La Commissione nazionale per le pari opportunità si è spinta ancora più avanti. Per scoraggiare l’uso sessista della lingua italiana, cioè uso della lingua tesa a discriminare l’uomo dalla donna, ha raccomandato di evitare nomi maschili, aggiungendo una – a al maschile
• Avvocata (invece di avvocatessa o di donna avvocato) - la notaia - la magistrata – la studente (invece della studentessa), la sindaca – la prefetta – la consigliera comunale
Addirittura, c’è anche chi vorrebbe sostituire la desinenza maschile e femminile con una “schwa” o [ə] la cui pronuncia corrisponde ad una “e” appena pronunciata, come la “e” muta francese. Per questo, propongono di scrivere “studentə”, per non far capire che si tratta di un maschile o di un femminile e che comprenderebbe tutti coloro che studiano, senza alcuna distinzione di sesso.
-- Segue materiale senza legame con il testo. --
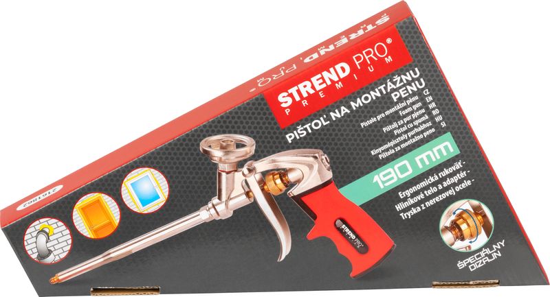 Pistolul pentru spumă poliuretanică (PUR) Strend Pro este alegerea potrivită pentru aplicări curate și controlate la lucrări de montaj și izolare. Corpul din aluminiu cu finisaj cromat și duza din inox oferă durabilitate, iar mânerul ergonomic asigură o prindere confortabilă în timpul utilizării.

Una curiosità. In Francia c’è chi ha proposto di sostituire il pronome personale maschile singolare “il” e il pronome personale femminile singolare “elle”, con “iel”.
Domande da interrogazione
- Qual è la difficoltà principale nel determinare il genere dei nomi in italiano?
- Come si formano generalmente i nomi femminili in italiano?
- Esistono professioni in cui il femminile non è tradizionalmente riconosciuto?
- Qual è la raccomandazione della Commissione nazionale per le pari opportunità riguardo l'uso dei nomi maschili e femminili?
- Qual è la proposta per rendere neutri i nomi maschili e femminili?
La difficoltà principale è che non sempre è facile capire se una parola riferita a un essere animato sia maschile o femminile, quindi è consigliabile imparare ogni nuova parola con il proprio articolo.
Di solito, un nome femminile singolare termina per -a, ma in certi casi può terminare anche per -e.
Sì, ci sono professioni in cui il femminile non esiste perché le donne vi sono arrivate in epoca recente, e la lingua non ha seguito l'evoluzione sociale delle donne.
La Commissione raccomanda di evitare nomi maschili aggiungendo una -a al maschile, come "avvocata" invece di "avvocatessa" o "donna avvocato".
Alcuni propongono di sostituire la desinenza maschile e femminile con una "schwa" o [ə], come in "studentə", per non indicare un genere specifico.